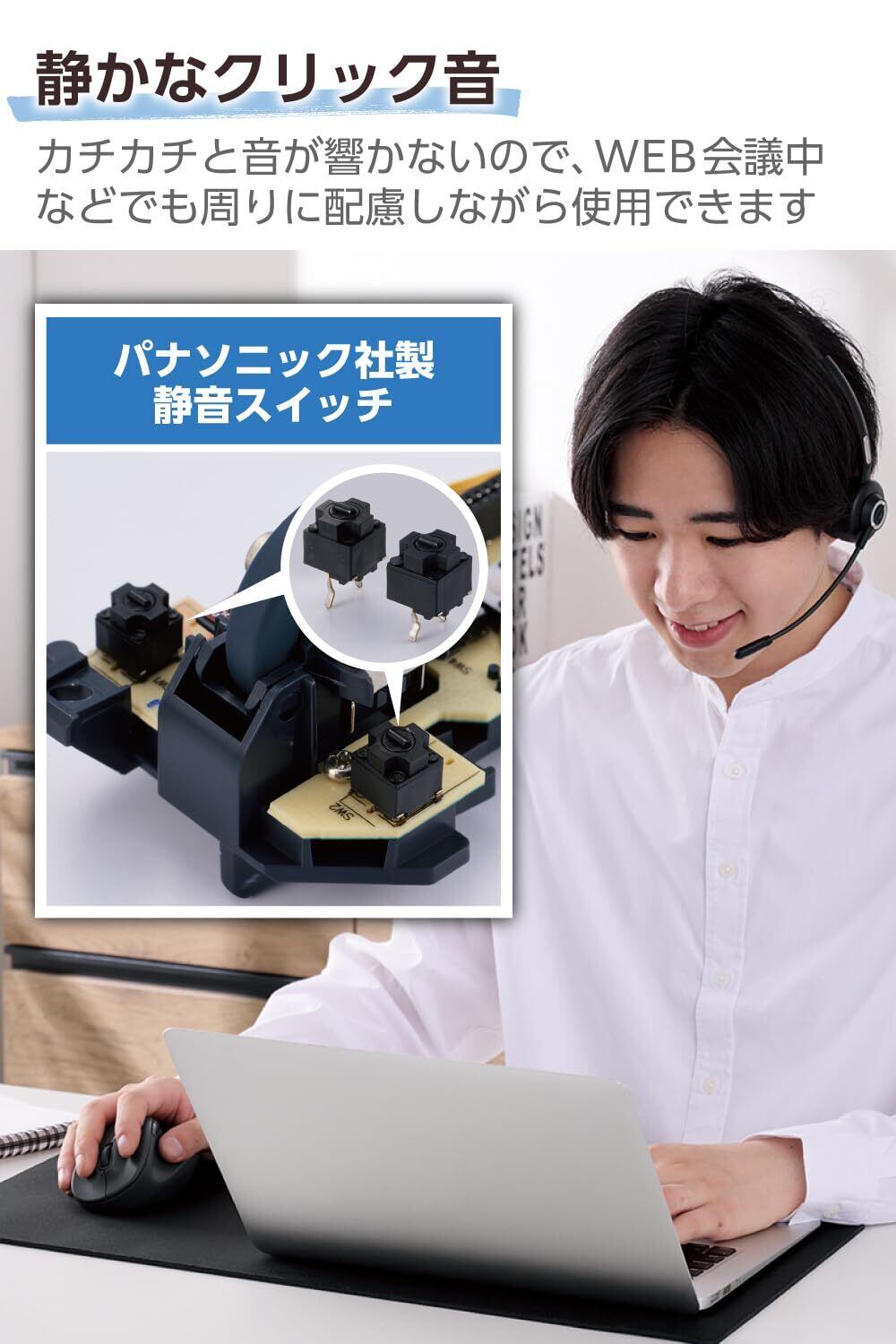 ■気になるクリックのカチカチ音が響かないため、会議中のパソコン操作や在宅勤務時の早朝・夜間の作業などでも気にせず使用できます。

...

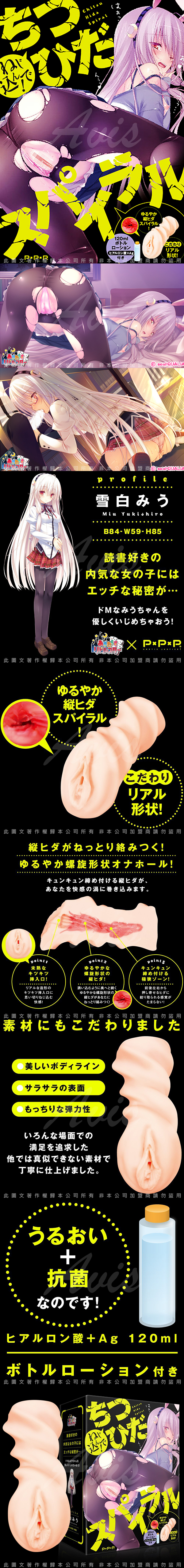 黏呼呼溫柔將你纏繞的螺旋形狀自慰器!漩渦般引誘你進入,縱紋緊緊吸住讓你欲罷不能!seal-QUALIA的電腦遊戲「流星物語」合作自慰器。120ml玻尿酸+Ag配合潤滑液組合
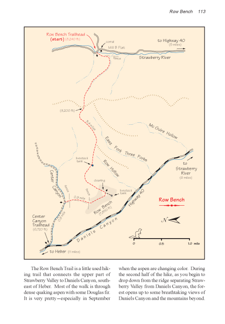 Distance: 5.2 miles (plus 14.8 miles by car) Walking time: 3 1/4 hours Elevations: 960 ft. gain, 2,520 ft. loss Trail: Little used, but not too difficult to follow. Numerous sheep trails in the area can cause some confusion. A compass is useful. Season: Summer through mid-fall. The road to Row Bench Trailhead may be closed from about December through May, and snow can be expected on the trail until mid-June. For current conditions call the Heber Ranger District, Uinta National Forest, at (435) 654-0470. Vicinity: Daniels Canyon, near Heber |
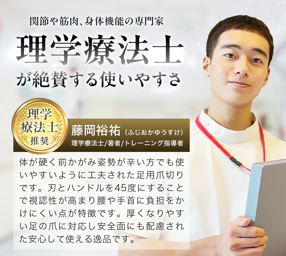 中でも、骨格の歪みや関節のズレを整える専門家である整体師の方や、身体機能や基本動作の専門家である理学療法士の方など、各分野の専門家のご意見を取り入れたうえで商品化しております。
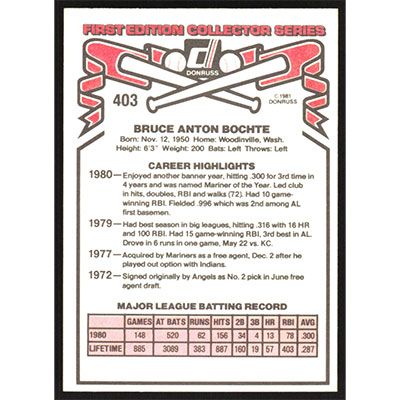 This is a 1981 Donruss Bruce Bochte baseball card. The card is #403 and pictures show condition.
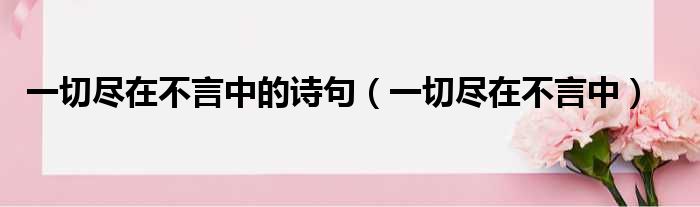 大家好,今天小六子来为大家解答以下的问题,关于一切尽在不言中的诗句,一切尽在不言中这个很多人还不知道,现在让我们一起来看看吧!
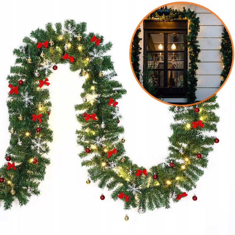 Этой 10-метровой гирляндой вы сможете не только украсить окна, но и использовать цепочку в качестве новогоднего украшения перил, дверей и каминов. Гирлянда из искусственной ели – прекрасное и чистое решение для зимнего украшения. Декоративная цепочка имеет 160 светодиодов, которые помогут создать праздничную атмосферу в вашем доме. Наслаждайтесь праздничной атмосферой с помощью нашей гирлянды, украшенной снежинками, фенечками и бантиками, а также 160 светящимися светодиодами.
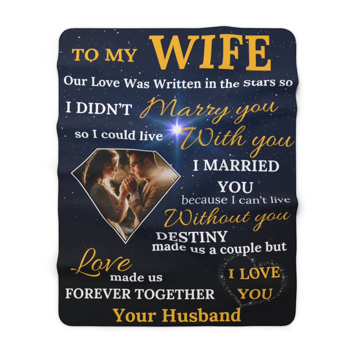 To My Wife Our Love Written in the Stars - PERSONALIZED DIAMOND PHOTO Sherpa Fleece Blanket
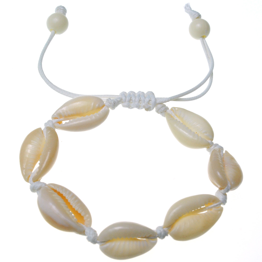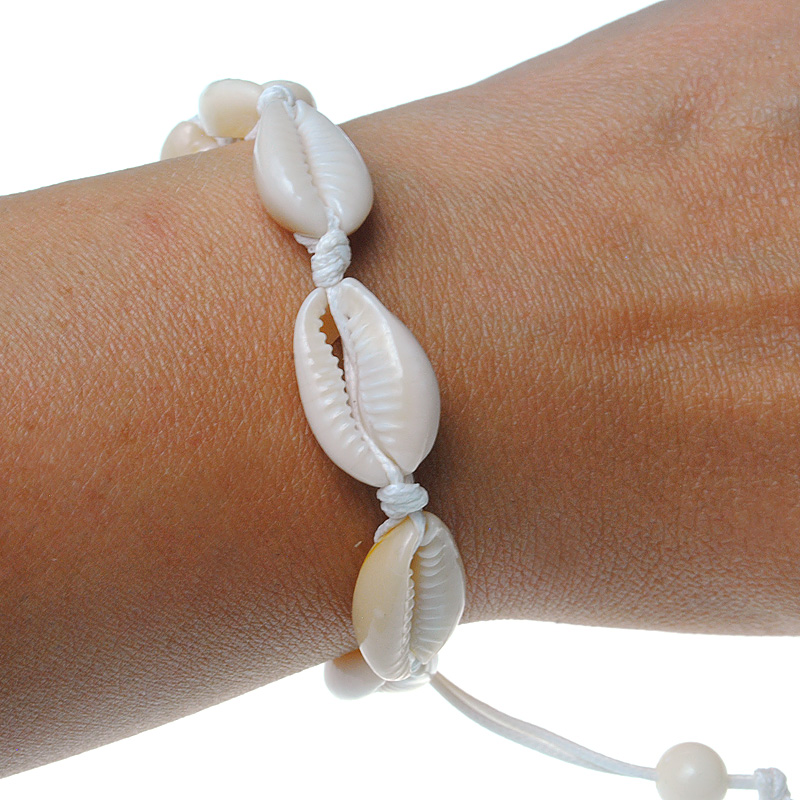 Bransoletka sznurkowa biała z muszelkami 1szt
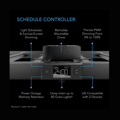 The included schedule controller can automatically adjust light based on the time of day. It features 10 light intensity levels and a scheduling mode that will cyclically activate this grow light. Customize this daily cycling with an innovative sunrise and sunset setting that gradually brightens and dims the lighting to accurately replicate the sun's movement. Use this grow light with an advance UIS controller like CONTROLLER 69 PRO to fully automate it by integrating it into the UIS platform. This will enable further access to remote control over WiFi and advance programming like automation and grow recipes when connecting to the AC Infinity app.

The task:
Everything from the line with "黏呼呼溫柔將你纏繞的螺旋形狀" down to the line with "Bransoletka sznurkowa biała" in the data above should be copied exactly, with both end lines kept and the pictures left out.

Worked solution:
 黏呼呼溫柔將你纏繞的螺旋形狀自慰器!漩渦般引誘你進入,縱紋緊緊吸住讓你欲罷不能!seal-QUALIA的電腦遊戲「流星物語」合作自慰器。120ml玻尿酸+Ag配合潤滑液組合
 Distance: 5.2 miles (plus 14.8 miles by car) Walking time: 3 1/4 hours Elevations: 960 ft. gain, 2,520 ft. loss Trail: Little used, but not too difficult to follow. Numerous sheep trails in the area can cause some confusion. A compass is useful. Season: Summer through mid-fall. The road to Row Bench Trailhead may be closed from about December through May, and snow can be expected on the trail until mid-June. For current conditions call the Heber Ranger District, Uinta National Forest, at (435) 654-0470. Vicinity: Daniels Canyon, near Heber |
 中でも、骨格の歪みや関節のズレを整える専門家である整体師の方や、身体機能や基本動作の専門家である理学療法士の方など、各分野の専門家のご意見を取り入れたうえで商品化しております。
 This is a 1981 Donruss Bruce Bochte baseball card. The card is #403 and pictures show condition.
 大家好,今天小六子来为大家解答以下的问题,关于一切尽在不言中的诗句,一切尽在不言中这个很多人还不知道,现在让我们一起来看看吧!
 Этой 10-метровой гирляндой вы сможете не только украсить окна, но и использовать цепочку в качестве новогоднего украшения перил, дверей и каминов. Гирлянда из искусственной ели – прекрасное и чистое решение для зимнего украшения. Декоративная цепочка имеет 160 светодиодов, которые помогут создать праздничную атмосферу в вашем доме. Наслаждайтесь праздничной атмосферой с помощью нашей гирлянды, украшенной снежинками, фенечками и бантиками, а также 160 светящимися светодиодами.
 To My Wife Our Love Written in the Stars - PERSONALIZED DIAMOND PHOTO Sherpa Fleece Blanket
 Bransoletka sznurkowa biała z muszelkami 1szt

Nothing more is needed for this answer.